Recipe

Parallel tool calls

Cut multi-tool latency from N round-trips to one. When a model can see that three function calls are independent, it emits them in a single response and your runtime fans them out in parallel.

1.Why parallel beats sequential

A typical agent loop calls one tool, waits for the result, then decides what to call next. For independent calls (e.g. weather + stock price + news lookup) this serializes work that has no causal ordering. Meridian-routed models emit multiple tool_use blocks in one assistant turn. Dispatch them with Promise.all and feed the results back in a single user turn.

2.The pattern

Define your tools, send the user prompt, then collect every tool_use block from the response. Run them concurrently and return each result tagged with its original tool_use_id.
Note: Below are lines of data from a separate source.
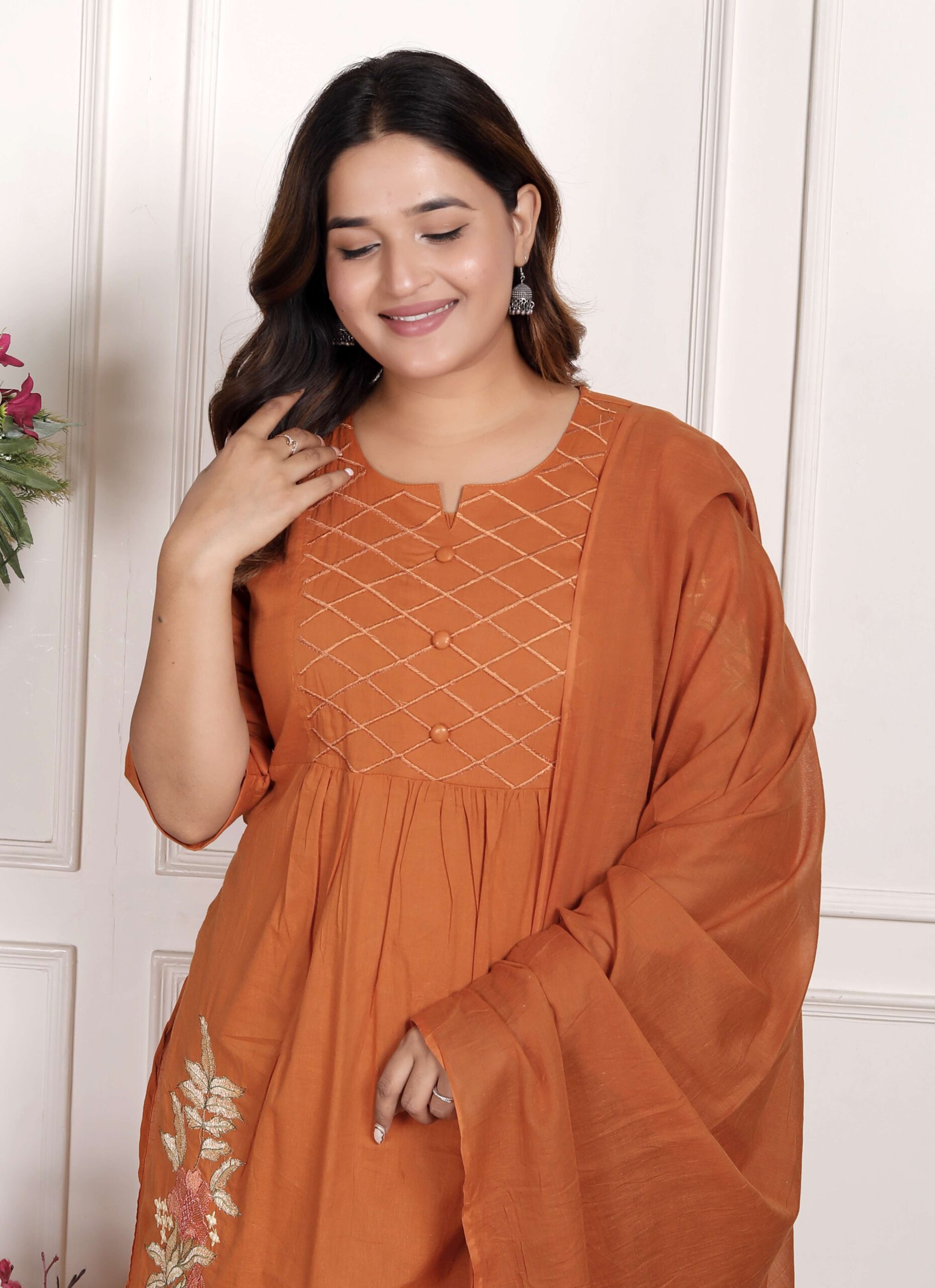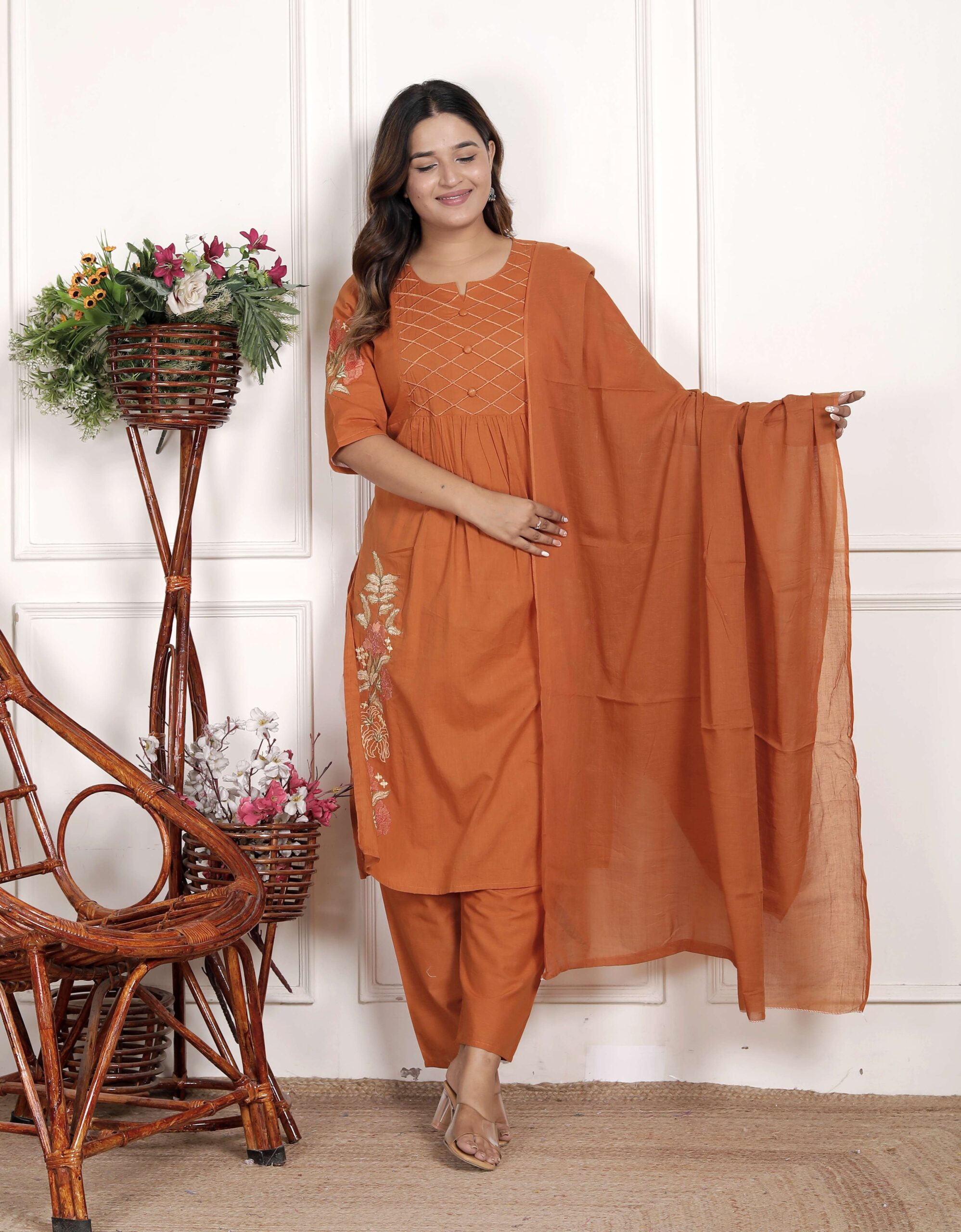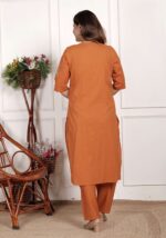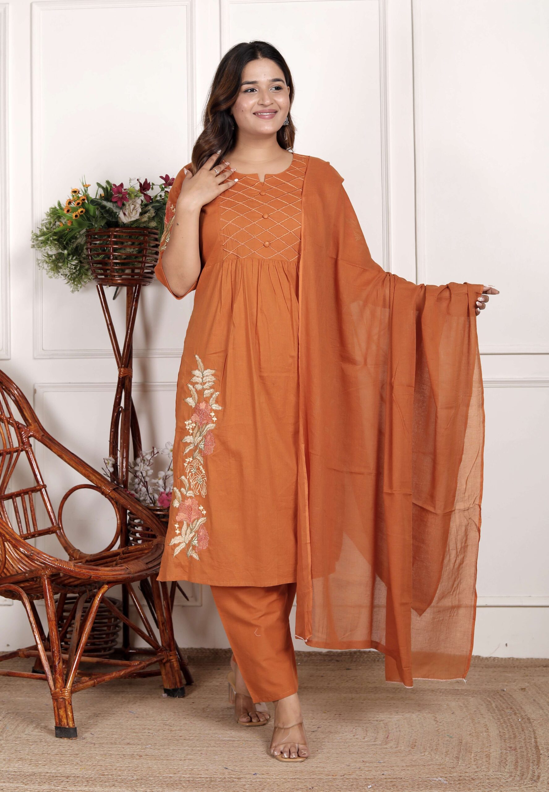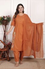 Women’s Cotton Embroidered Straight Kurti With Pant and Dupatta Set (Orange)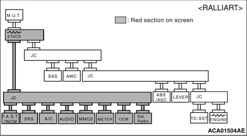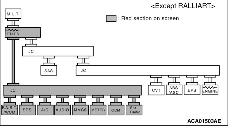 (3)Diagnose CAN bus lines, and check if the scan tool MB991958 screen is as shown in the figure.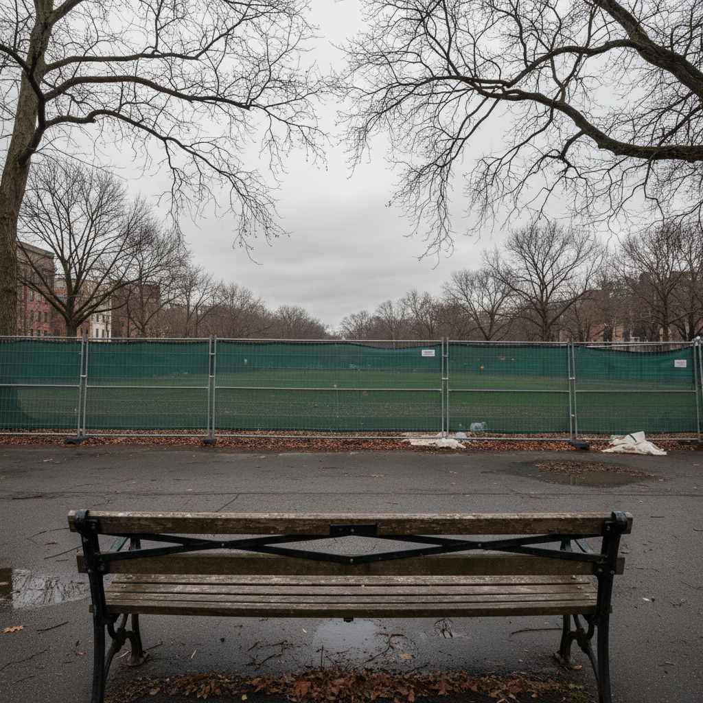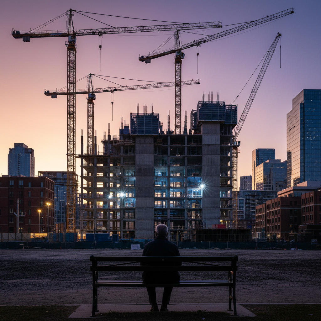 המקומות בהם נהגנו לשבת ולהיפגש נעלמים לטובת בנייה חדשה. הספסל הריק מסמל את חוסר המקום הפיזי והחברתי.
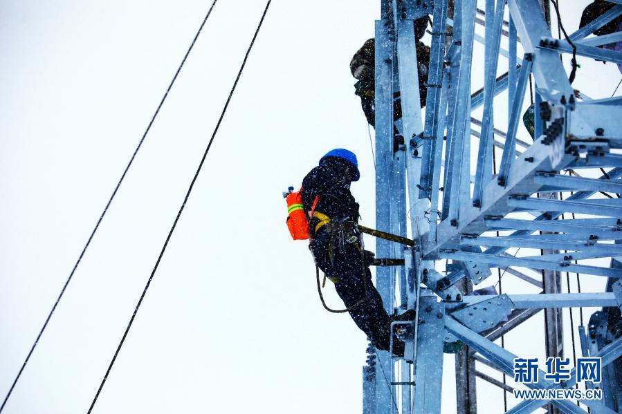 在西藏日喀則市定日縣,西藏阿里與藏中電網聯網工程線路4標段施工人員在暴風雪中作業(yè)(5月2日攝)。新華社發(fā)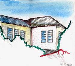 スケッチをしていると、通りかかった人が「壊されるんやてなあ、だから描いてんねんやろ」。その通り。この絵が展示される頃には、すでに失われている建物。残念。今回急遽スケッチした。大林組住宅部の設計施工で、昭和3年に建てられた。大林組住宅部は、武田五一の愛弟子松本儀八によって率いられており、スパニッシュをよく取り入れていた。庭は、橋本八重三の手による。戦後接収にあった建物でもあり、その視点でも興味ある建物だった。 |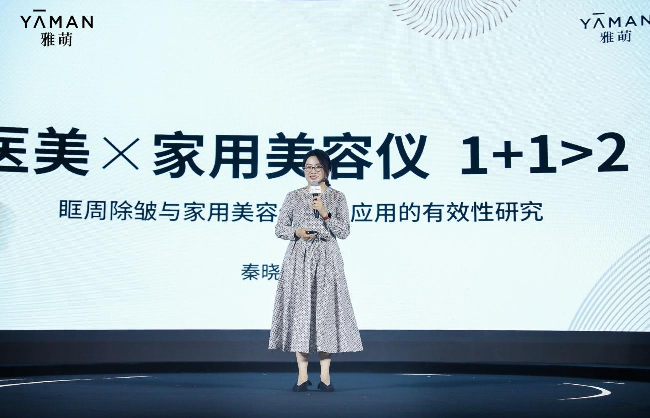 對于醫(yī)美項目聯(lián)合家用美容儀使用的可能性、方法和效果,雅萌聯(lián)合德醫(yī)皮膚,在全國3家機構(gòu)陸續(xù)開展關(guān)于「醫(yī)美×家用美容儀]的聯(lián)合應(yīng)用探索。德醫(yī)皮膚聯(lián)合創(chuàng)始人、北京大學(xué)皮膚學(xué)博士秦曉蕾在此次峰會現(xiàn)場分享了《眶周除皺項目與家用美容儀聯(lián)合應(yīng)用的有效性研究》階段性成果——受試者在進行A型肉毒毒素項目后使用雅萌ACE五代射頻儀后,能夠起到部位互補、技術(shù)互補、功效互補的作用,整體對減少眼周細紋、眉間紋、眼周動態(tài)紋,以及提亮眼周膚色等均具有改善效果,并且受試者對使用感受的滿意度高,均未出現(xiàn)任何不良反應(yīng)。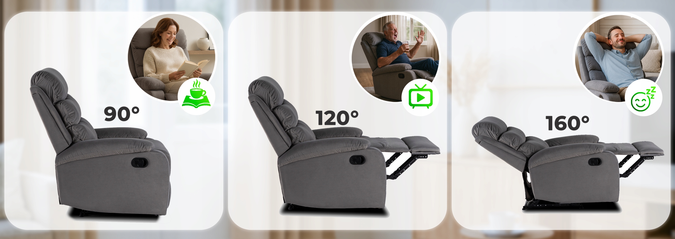 - Trzy poziomy rozkładania– wybierz idealną pozycję: do czytania, oglądania TV czy drzemki.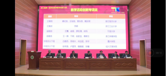 白春苏、李俐兴、向洁茹、张宇等四位老师组成的团队荣获中级及以下组特等奖和教学活动创新专项奖,并被推荐代表浙江省参加国赛。此外,在大赛的“课程思政”微课专项赛中,白春苏团队还获得了文科组二等奖。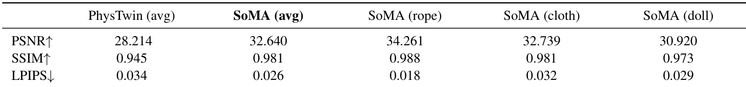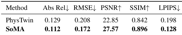 The authors evaluate SoMA against PhysTwin on image and depth metrics, showing SoMA achieves superior performance across all measures. Results indicate SoMA produces more accurate visual reconstructions and geometric consistency, particularly under complex robot-object interactions. This demonstrates its robustness in real-to-sim simulation compared to physics-based differentiable simulators.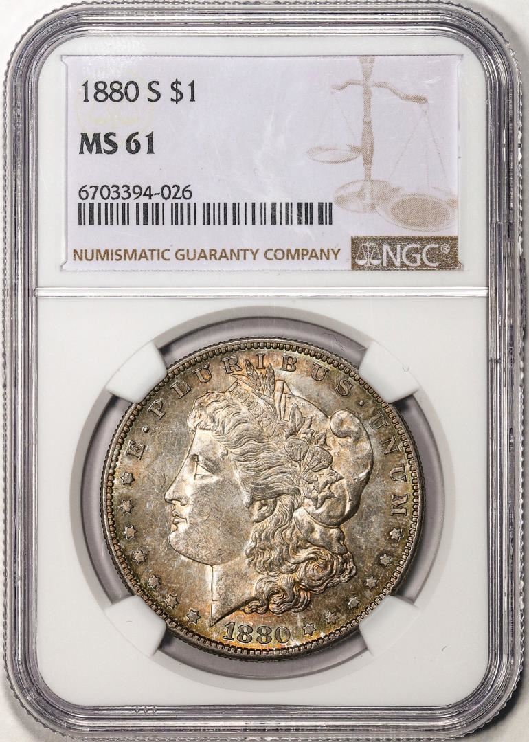 One 1880-S $1 Morgan Silver Dollar Coin NGC MS61 Nice Toning. NGC Certified.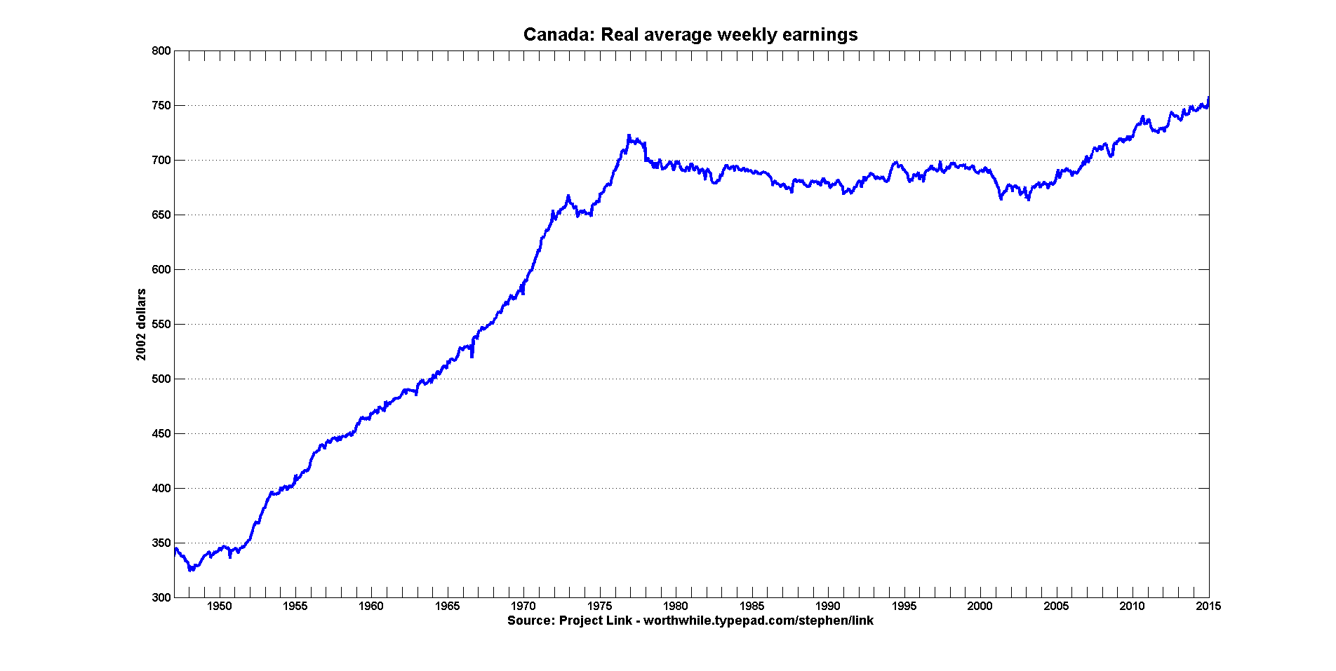 Something happened to real wage growth in the US as well an in Canada in the early 1970s. What, though?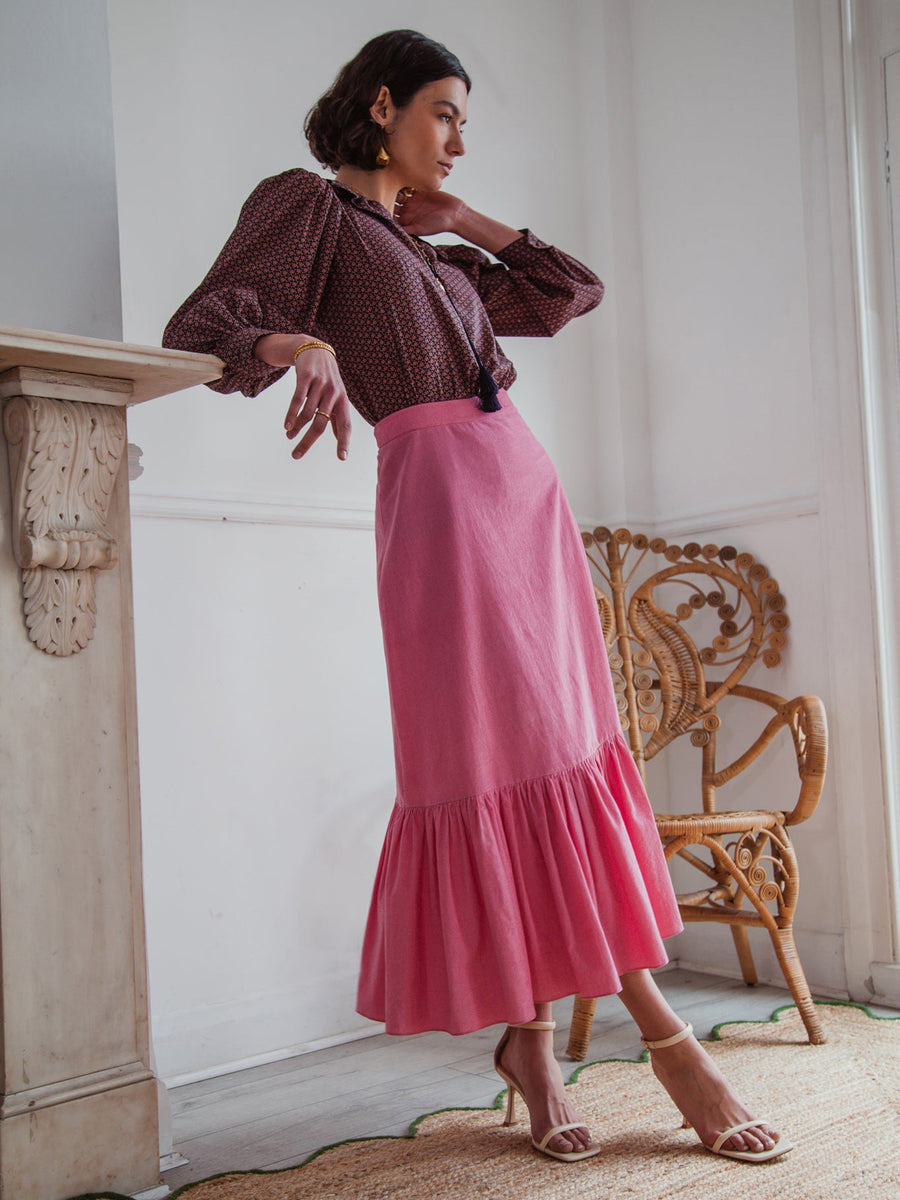Mirroring the gathered tiers of its namesake dress silhouette, the Nalini skirt has been fabricated using the same 100% soft-to-touch cotton corduroy in a beautiful pink colour. This midi tiered skirt falls beautifully in an A-line silhouette, partneri...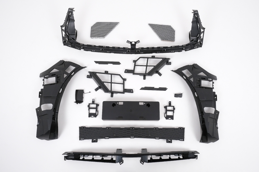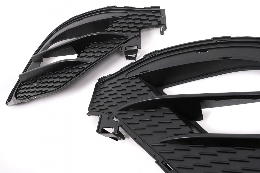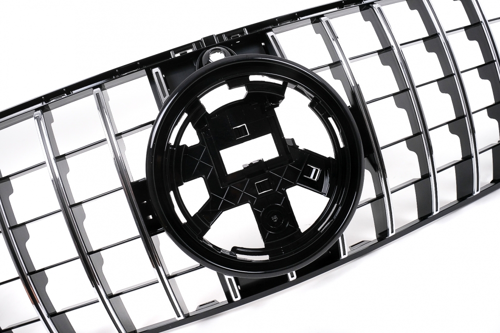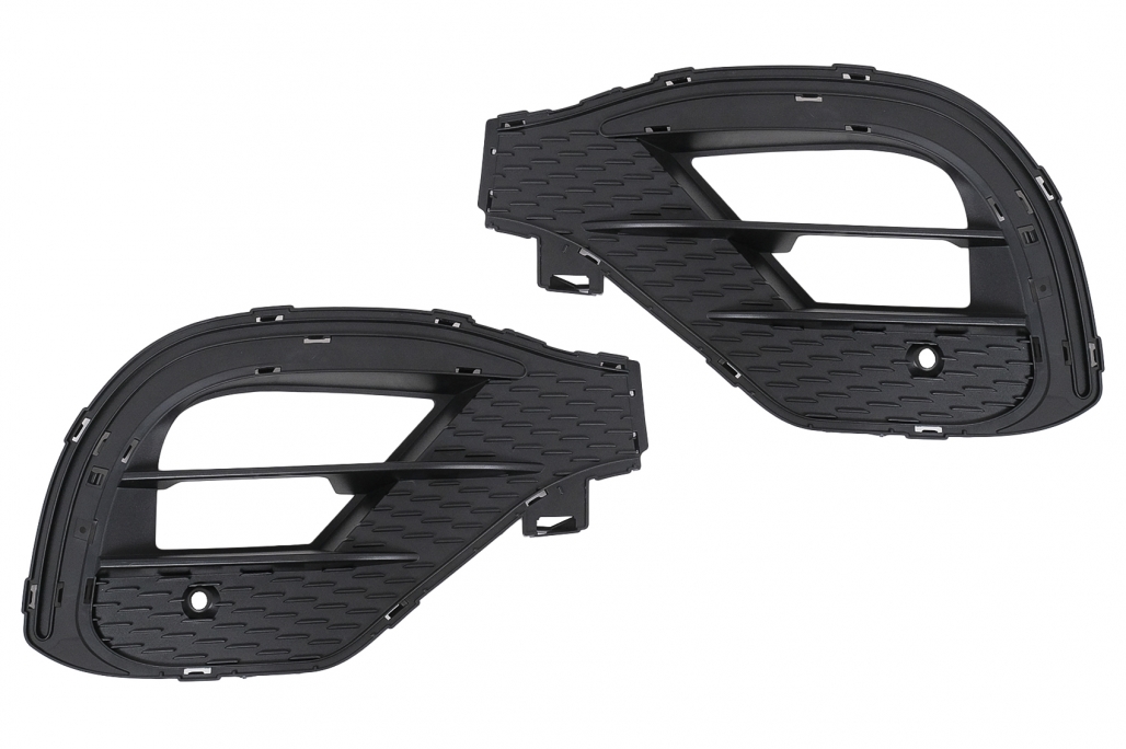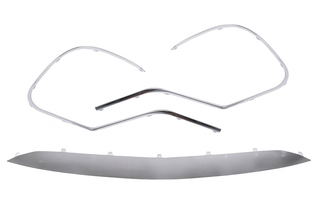 Bara fata echipata cu grila central-inferioara cromata, grile laterale cromate, suporturi PDC si spoiler de extensie a bari de protectie fata din aluminiu. Fabricata din PP (polipropilena) de inalta calitate Grila frontală M-Design Grila este realizată din plastic Cadru: cromat Benzi: cromate Prelungiri pentru aripi sunt fabricate din polipropilena de cea mai buna calitate Prelungirile pentru aripi sunt pregatite pentru procesul de vopsire.

// Parallel tool calls with Meridian
import { Meridian } from '@meridian/sdk';

const client = new Meridian({ apiKey: process.env.MERIDIAN_KEY });

const response = await client.messages.create({
  model: 'azure/model-router',
  max_tokens: 4096,
  tools: [
    { name: 'get_weather', input_schema: { /* ... */ } },
    { name: 'get_stock_price', input_schema: { /* ... */ } },
    { name: 'search_web', input_schema: { /* ... */ } },
  ],
  messages: [{
    role: 'user',
    content: 'Compare weather in NYC, AAPL price, and latest AI news.',
  }],
});

// Model emits 3 tool_use blocks in ONE response
const toolCalls = response.content.filter(b => b.type === 'tool_use');

// Dispatch all 3 in parallel — not sequential
const results = await Promise.all(
  toolCalls.map(call => dispatch(call.name, call.input))
);

3.Gotchas

  • Not every model parallelizes equally. Reasoning-heavy routes may still chain calls; mid-tier general models fan out most aggressively.
  • You must return ALL tool results in the next user message, each as a separate content block, before the model can answer.
  • Cap concurrency at the slowest downstream. A 50-tool fan-out will overwhelm a 10-req/s API regardless of model speed.